I think most here know the 'Total Market', because it's market cap-weighted, is almost identical to the '500 Index'. Over the past couple decades, the concentration of even more of the money into even fewer companies at the very top has made that even more true that it already was. And even more worrisome to me.
Long term, you ought to do a TINY bit better in the Total Market than the 500 -which is 100% because you have a TINY bit of Mids and Small Caps. So what if you had a much more meaningful chunk?

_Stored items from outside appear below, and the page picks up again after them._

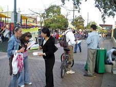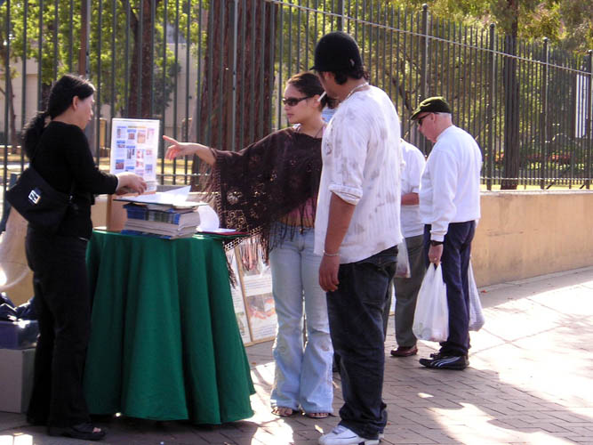 大约到下午一点多钟,两位当地的女大学生过来。其中一位向学员介绍到:“我叫Chantelle Akapi,这位是我的朋友Cara Ferguson(她已有几个月的身孕)。上个星期天我从这里得到一份传单。回家我读了后止不住的流泪。我告诉我的男朋友,告诉所有我能告诉的同学。他/她们无不感到惊讶和愤怒!都说‘当今怎么会有这类事在中国发生?’”Chantelle接着说:“我今天就是特地来这里见你们的。我的朋友Cara Ferguson也与我一道来了。我上网查看了你们网上的资料。我们认为:中共现在对法轮功的迫害是当今世界真正的最大的恐怖事件!”
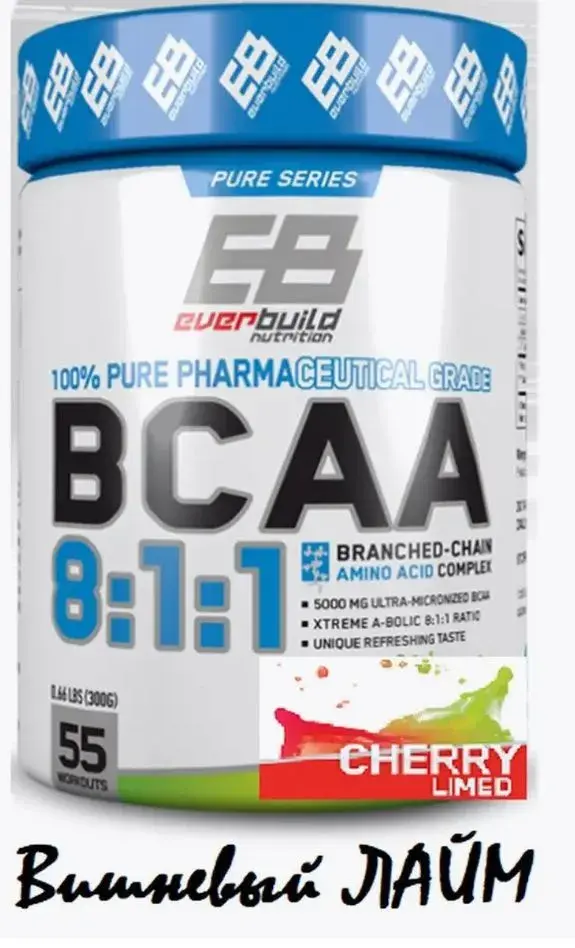 BCAA 8:1:1 Everbuild Nutrition — это высококонцентрированные аминокислоты с разветвленной цепью в оптимальном соотношении для быстрого восстановления и защиты мышц. Упаковка 300 гр содержит 55 порций усиленной формулы.
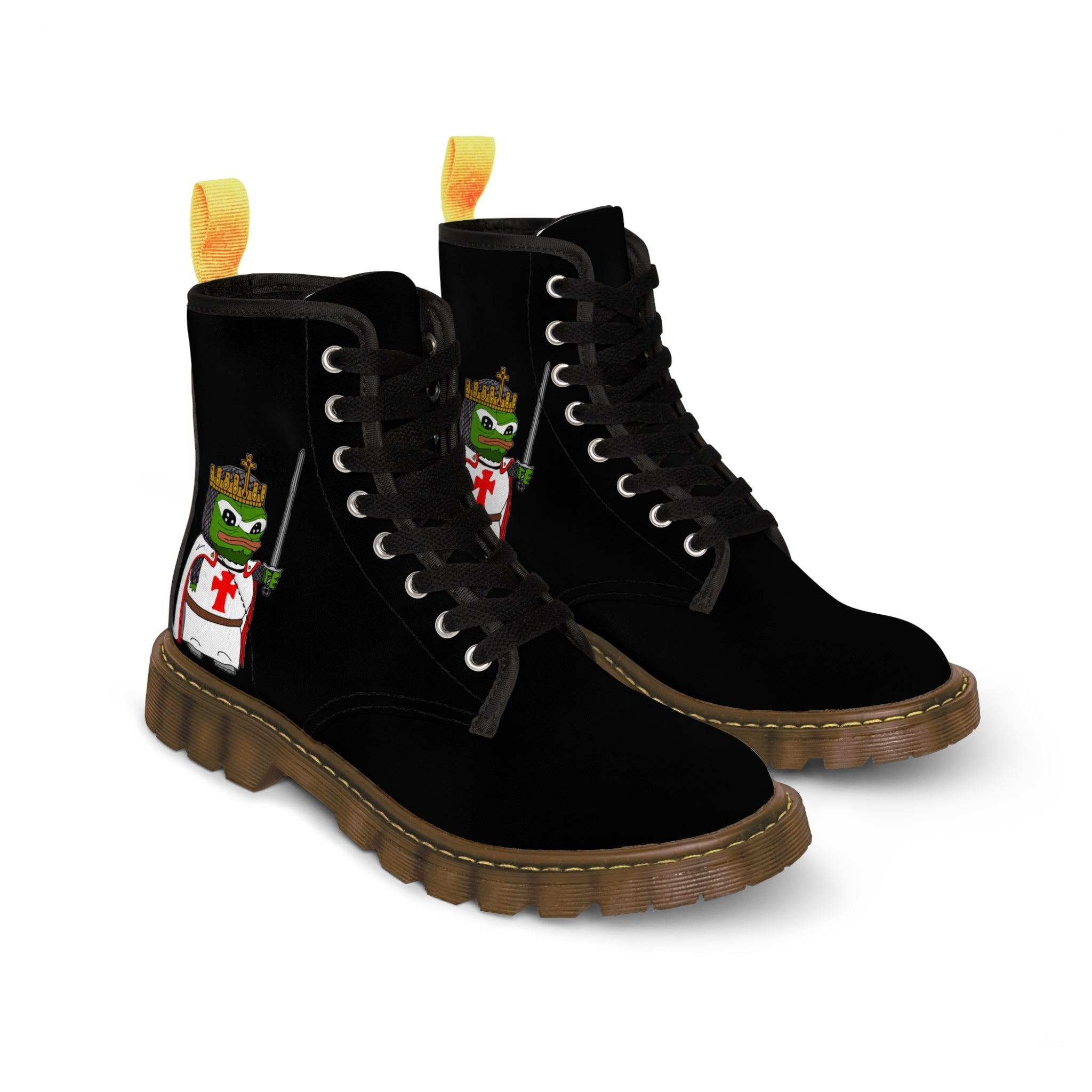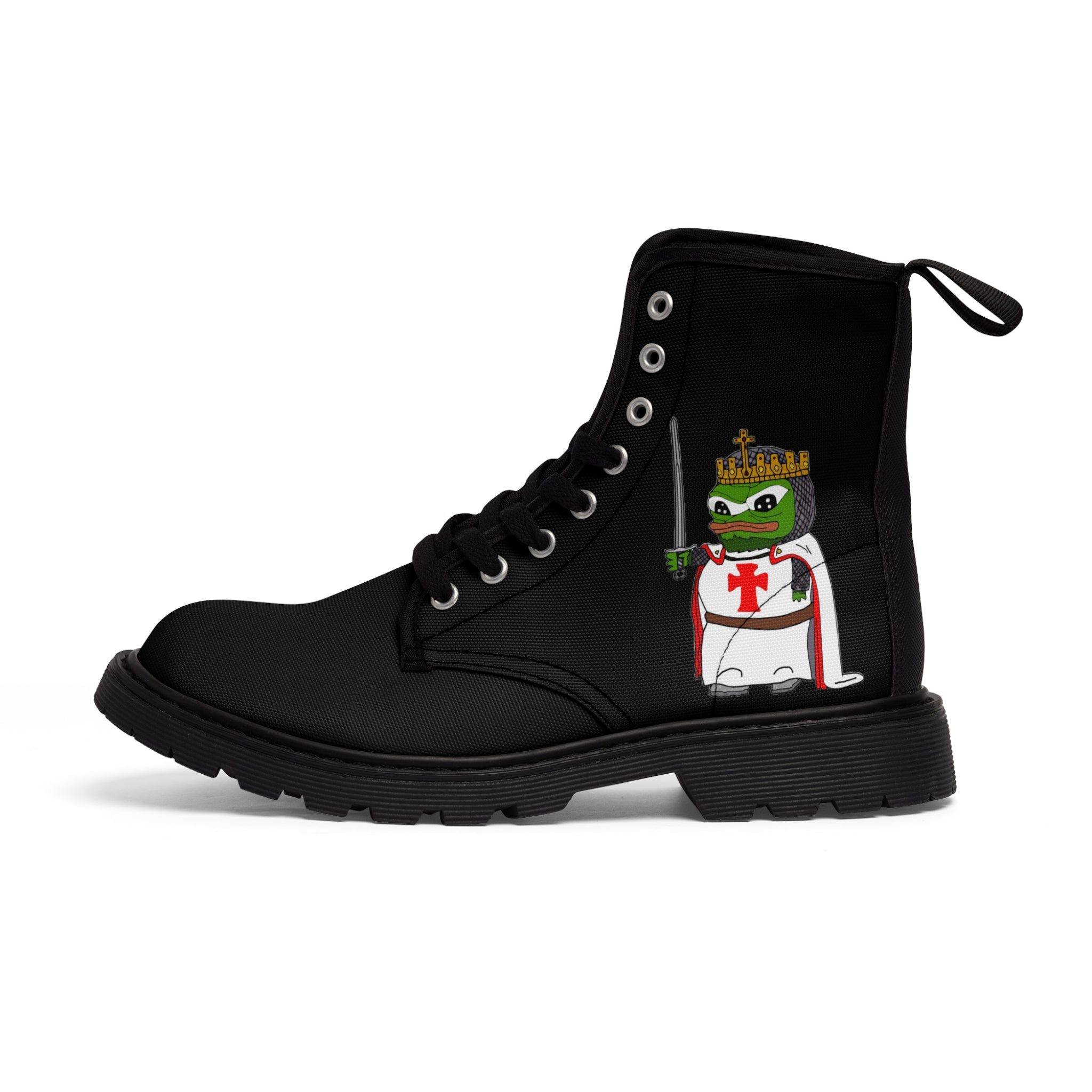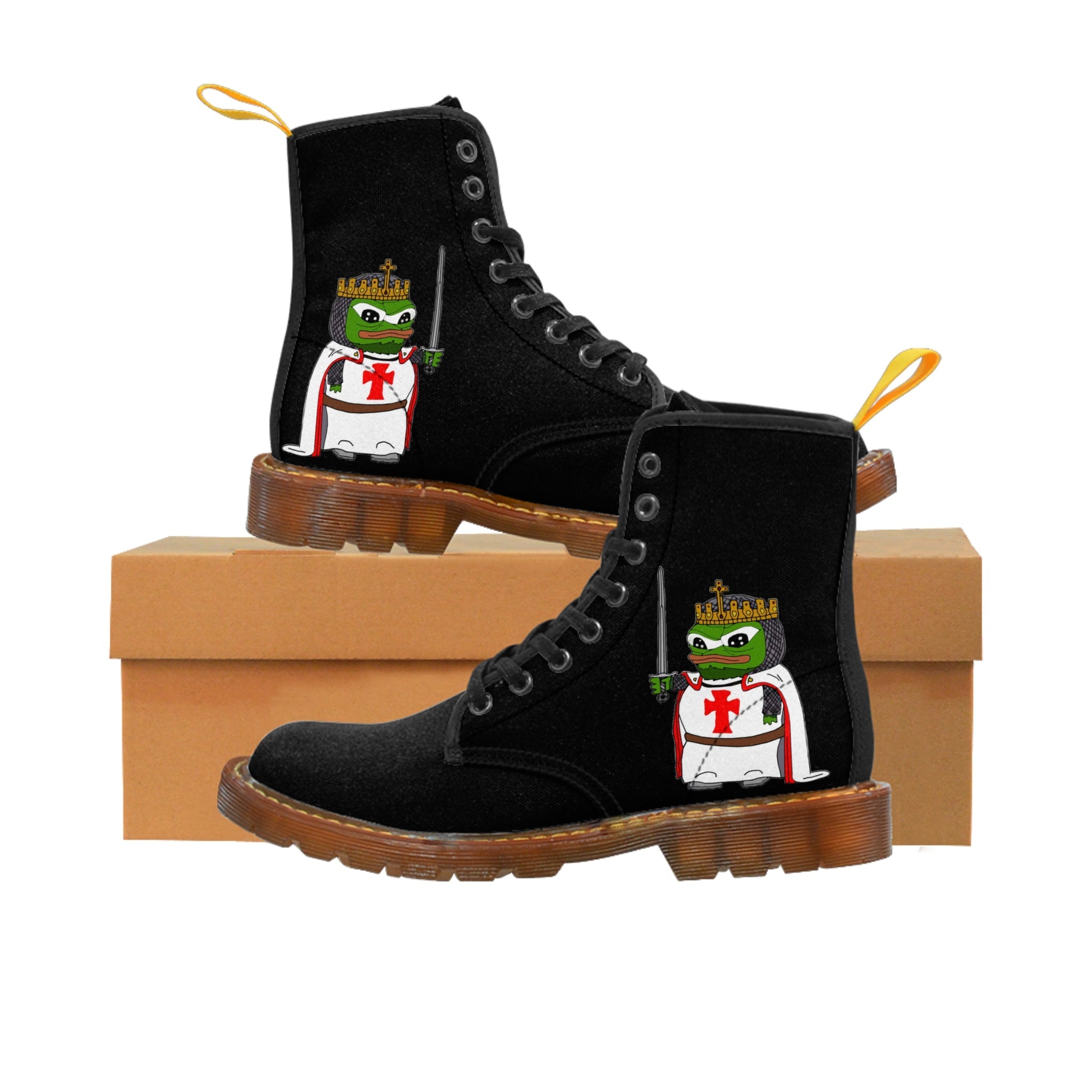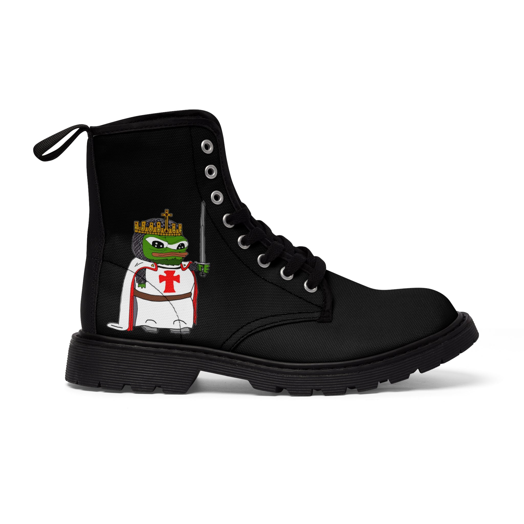 Introducing our Men's Canvas Boots: "Frogsader Knights" Edition! Step into a world where history meets humor, and Pepe the Frog dons the armor of a legendary crusader knight! These boots are not just a leap in style; they're a quantum leap through time!

I've actually preferred the Mid Cap (blend) over the Total/500 as my primary fund, and have done much better because of it. It didn't get killed in the dot com bust (no 'Lost Decade' despite being 100% stocks), and while it crashed ~5% harder in the 2008-9 crash, it recovered completely just as quickly as the overall market.
In the past decade (~2007-2017) it beat the market by a little, but pretty similar.
I do 60/30 Mid Cap and Total Market (the other ~10% in 3 tech funds). It lets you do some rebalancing within stocks if you want to (I've never bothered).
Mid Caps follows the market ups and downs almost perfectly, but have had better upside highs over the long run, and no meaningfully greater lows. The price is ~.03% higher fund fee and a bit more volatility. Def been worth it to me.
I also prefer Mids to Small Caps (whether growth, value or blend) because the Mid index is actually weighted to lots of multi billion dollar Large Caps of big names we all know. It's pretty much just a block of ~350 companies right below the top 500 (market caps actually overlap even).
That group has more room to grow than the Mega Giants, IMO. The losers get kicked out at the bottom, and kicked up at the top.
The Small Cap has to keep the lagging losers, and the Total/500 has to keep the bloated Mega Giants. I think that's why the article recommends Small Cap VALUE -because if you're risking $ on the smallest companies, it's probably wiser to aim for the ones considered safer 'value' bets.
I also notice a lot of these articles totally ignore that there even is a Mid Cap Index. They act like you're either in Large Caps or Small Caps. I hate that. Mid Caps appear to be the 'Goldilocks' Index to me -or at least they have been for many decades. They might be total shit going forward, but there's zero evidence for that guess, so I can't see any reason to change my position.
Guess this also goes with 'can you beat the market' threads. Yes... 'Overweight the Mids'.